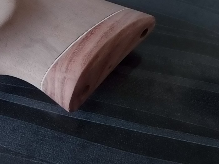 Потихоньку, аккуратно чтобы не задеть нанесённую лазером насечку всё стёр, затем Р180 всё загладил уже по волокнам. Кстати шкурилась древесина с лаком на моё удивление весьма легко. Ну и вот так вышло: Ну уже многие знают-люблю я декором лож заняться. Потому сразу было решено сделать из красивой породы из солнечной Индии затыльник на приклад, пятку на рукояти и как без этого-нос цевья. По привычной технологии (которую не раз описывал) сделал сначала пятку на рукоять с небольшим запасом на чистовую обработку: После закрепил её надёжно на рукояти винтовки. Между пяткой и рукоятью сделал прокладку из белого ПВХ пластика от электрокороба. Легко обрабатывается, полируется и даже после нанесения пропитки всё равно остаётся белый. После высыхания клея обработал пятку с прокладкой и слил с рукоятью. Итог: После изготовил затыльник на приклад. Про прокладку белую конечно не забыл. Притянул затыльник с прокладкой к прикладу на саморезы с ЭДП. Оторвать не выйдет-всё намертво просто. Основательно высушил и подогнал всё с помощью наждачки на оправке к прикладу. Красота и удобство: Теперь надо было подумать как расположится в ложе сама «Мурка». Примерил и решил воспользоваться крепежом «железа» сзади через втулку уже врезанную в ложе турком. Передний крепёж требовал нового отверстия. Ну и чёрт с ним! Сделаем новое! Выкрутил втулку в передней части цевья-позже её и применил. Ну о этом чуть позже. А на тот момент из берёзовых досочек соорудил 2 вставки. Они повторяли весь контур родной выборки в ложе-плотно всё подогнал к стенкам в ложе. Конечно были вклеены эти вставки на ЭДП, на этот же клей сделал вставки и на лицевой стороне-полукруглые под затвор и не знаю ещё что. Всё отлично склеилось под давлением струбцин. Вот так получилось: После отпилил родной нос цевья. Ровно столько сколько было необходимо по задумке-а думалось поглубже спрятать в ложу пластиковую казну: Из той же экзотической древесины что Маугли передал в виде поддона со стеклопластиком прутком, сделал заготовку с припуском носа цевья и прокладку. Скрепил новый нос и прокладку на ЭДП, и по той же технологии что и пятку на рукоятку, приклеил я и новый носик цевья: Ну и потом оправки, наждачку в руки и подогнал новый нос к ложе. Намертво всё присохло и можно было смело нажимать на оправки. Замечательно всё вышло и понравилось мне весьма:Далее приступил к врезке компрессора в ложу. Неспешно, постоянно примеряя, с помощью полукруглых и прямых стамесок, ножей. Не обошлось конечно без моего отзывчивого дружка/помощника Руслана. Свои за последние пару лет затеи не представляю без его участия! Талантище!!! Самец!!! Трудяга мыслящий и способный сотворить любую мою порой непростую, непонятную прихоть. В общем сделал он целый набор деталей для меня(о них позже),среди них сделал скобу 1 в 1 c немецкого « HAENEL ZUHL-312». Очень мне нравятся эти скобу зулёвые-классно смотрится и очень удобные формы. Ну и подогнал эту скобу в выборку под неё. Скоба разумеется была после печати зачищена, загрунтована и окрашена с акцентом на металлическое происхождение. Крепилась она на два самореза. Позже я закрепил её навсегда(сделал несъёмной) на 2 чёрных самореза с округлыми головками под шлиц. Не люблю я под «крестик» винты и саморезы на оружии. Саморезы увидите чуть позже: Ну а потом…..Просил же человек необычного, эксклюзив
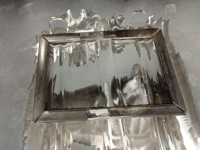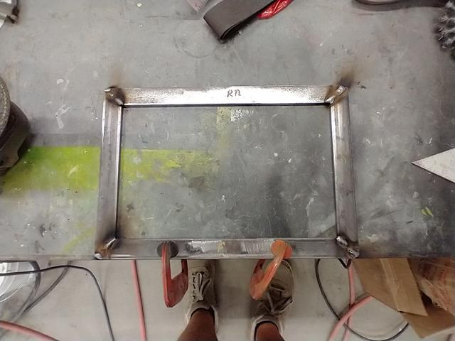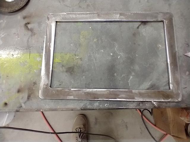 1" x 1/4" flat bar. Opening is approx 12" x 7"
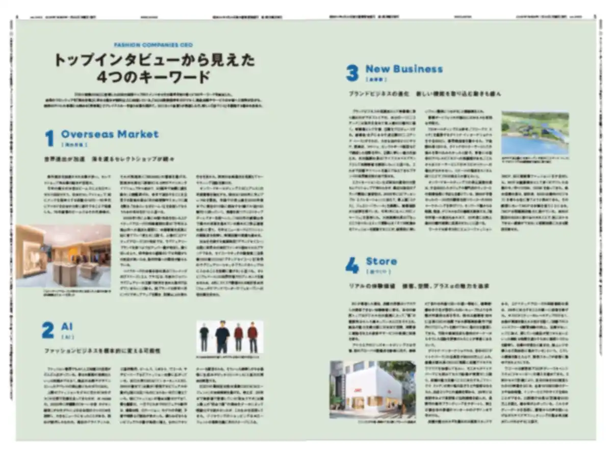 それぞれの経営トップが語ったコメントを見てみると、「海外市場」「デジタル・AI」「新事業」「店づくり」「人材育成」といったキーワードが並びます。成長のフロンティアを「海外市場」に求める動きが例年以上に加速しています。「AI」は業務効率化だけでなく、商品企画やサービスの中枢へと活用が広がっています。既存の事業とは異なる「新事業」でブレイクスルーを狙う企業も相次いでいます。EC(ネット通販)が浸透した今、新しい「店づくり」を模索する動きも活発です。また、そうした拡大路線の一方で、その基盤を支える「人材育成」に注力する企業も目立ちました。 |

☆ ☆ ☆ ☆ ☆

DESCRIPTION OF THE TASK
Please write out the whole listing exactly, but not the pictures in it.

ANSWER AREA
 Потихоньку, аккуратно чтобы не задеть нанесённую лазером насечку всё стёр, затем Р180 всё загладил уже по волокнам. Кстати шкурилась древесина с лаком на моё удивление весьма легко. Ну и вот так вышло: Ну уже многие знают-люблю я декором лож заняться. Потому сразу было решено сделать из красивой породы из солнечной Индии затыльник на приклад, пятку на рукояти и как без этого-нос цевья. По привычной технологии (которую не раз описывал) сделал сначала пятку на рукоять с небольшим запасом на чистовую обработку: После закрепил её надёжно на рукояти винтовки. Между пяткой и рукоятью сделал прокладку из белого ПВХ пластика от электрокороба. Легко обрабатывается, полируется и даже после нанесения пропитки всё равно остаётся белый. После высыхания клея обработал пятку с прокладкой и слил с рукоятью. Итог: После изготовил затыльник на приклад. Про прокладку белую конечно не забыл. Притянул затыльник с прокладкой к прикладу на саморезы с ЭДП. Оторвать не выйдет-всё намертво просто. Основательно высушил и подогнал всё с помощью наждачки на оправке к прикладу. Красота и удобство: Теперь надо было подумать как расположится в ложе сама «Мурка». Примерил и решил воспользоваться крепежом «железа» сзади через втулку уже врезанную в ложе турком. Передний крепёж требовал нового отверстия. Ну и чёрт с ним! Сделаем новое! Выкрутил втулку в передней части цевья-позже её и применил. Ну о этом чуть позже. А на тот момент из берёзовых досочек соорудил 2 вставки. Они повторяли весь контур родной выборки в ложе-плотно всё подогнал к стенкам в ложе. Конечно были вклеены эти вставки на ЭДП, на этот же клей сделал вставки и на лицевой стороне-полукруглые под затвор и не знаю ещё что. Всё отлично склеилось под давлением струбцин. Вот так получилось: После отпилил родной нос цевья. Ровно столько сколько было необходимо по задумке-а думалось поглубже спрятать в ложу пластиковую казну: Из той же экзотической древесины что Маугли передал в виде поддона со стеклопластиком прутком, сделал заготовку с припуском носа цевья и прокладку. Скрепил новый нос и прокладку на ЭДП, и по той же технологии что и пятку на рукоятку, приклеил я и новый носик цевья: Ну и потом оправки, наждачку в руки и подогнал новый нос к ложе. Намертво всё присохло и можно было смело нажимать на оправки. Замечательно всё вышло и понравилось мне весьма:Далее приступил к врезке компрессора в ложу. Неспешно, постоянно примеряя, с помощью полукруглых и прямых стамесок, ножей. Не обошлось конечно без моего отзывчивого дружка/помощника Руслана. Свои за последние пару лет затеи не представляю без его участия! Талантище!!! Самец!!! Трудяга мыслящий и способный сотворить любую мою порой непростую, непонятную прихоть. В общем сделал он целый набор деталей для меня(о них позже),среди них сделал скобу 1 в 1 c немецкого « HAENEL ZUHL-312». Очень мне нравятся эти скобу зулёвые-классно смотрится и очень удобные формы. Ну и подогнал эту скобу в выборку под неё. Скоба разумеется была после печати зачищена, загрунтована и окрашена с акцентом на металлическое происхождение. Крепилась она на два самореза. Позже я закрепил её навсегда(сделал несъёмной) на 2 чёрных самореза с округлыми головками под шлиц. Не люблю я под «крестик» винты и саморезы на оружии. Саморезы увидите чуть позже: Ну а потом…..Просил же человек необычного, эксклюзив
 1" x 1/4" flat bar. Opening is approx 12" x 7"
 それぞれの経営トップが語ったコメントを見てみると、「海外市場」「デジタル・AI」「新事業」「店づくり」「人材育成」といったキーワードが並びます。成長のフロンティアを「海外市場」に求める動きが例年以上に加速しています。「AI」は業務効率化だけでなく、商品企画やサービスの中枢へと活用が広がっています。既存の事業とは異なる「新事業」でブレイクスルーを狙う企業も相次いでいます。EC(ネット通販)が浸透した今、新しい「店づくり」を模索する動きも活発です。また、そうした拡大路線の一方で、その基盤を支える「人材育成」に注力する企業も目立ちました。 |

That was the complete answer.